VIA Motors is an American electric vehicle development and manufacturing company founded in 2010. VIA Motors started out converting GM vehicles into plug-in hybrids (PHEV), but now produces fully electric commercial vehicles for fleet managers. VIA is developing its own skateboard platform for Class 2-5 commercial vehicles, that will enter production in 2024. VIA sells directly to fleets and is taking orders now.

In August 2021, Ideanomics announced their intent to acquire VIA Motors for USD 630 million.

On January 26, 2023, Ideanomics announced that it had completed the acquisition of VIA Motors.

History
VIA Motors was spun off in November 2010 from Raser Technologies, the engineering company that, in 2009, showed a Hummer H3 said to be capable of returning 100 miles per gallon when fitted with Raser’s range-extender plug-in powertrain. Bob Lutz, former vice-chairman of GM credited as "Father of the Chevy Volt", featuring an extended-range electric powertrain called Voltec, joined as Chairman in 2011.

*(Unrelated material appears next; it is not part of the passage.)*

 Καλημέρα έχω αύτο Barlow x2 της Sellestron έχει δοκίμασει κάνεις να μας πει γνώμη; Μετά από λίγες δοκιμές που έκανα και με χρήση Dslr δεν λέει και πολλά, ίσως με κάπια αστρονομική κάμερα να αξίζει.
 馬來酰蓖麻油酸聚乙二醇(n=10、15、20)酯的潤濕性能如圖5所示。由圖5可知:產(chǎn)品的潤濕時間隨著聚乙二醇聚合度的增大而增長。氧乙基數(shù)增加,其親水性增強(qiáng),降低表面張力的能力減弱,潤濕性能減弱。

2010 – VIA Motors is formed from a private group of investors. Executives and engineers from General Motors and Raser Technologies join VIA Motors.

2011 – VIA raises $5.3 million from private investors including Carl Berg. Alpha and beta vehicles are delivered to PG&E. Bob Lutz joins VIA Motors as chairman.
2012 – VIA unveils a lineup of EREV versions of trucks, vans and SUVs at the North American International Auto Show in Detroit. VIA signs key suppliers, including Remy Motors and A123 Batteries. Fleet customers including Rocky Mountain Power and Verizon Wireless join vehicle testing program.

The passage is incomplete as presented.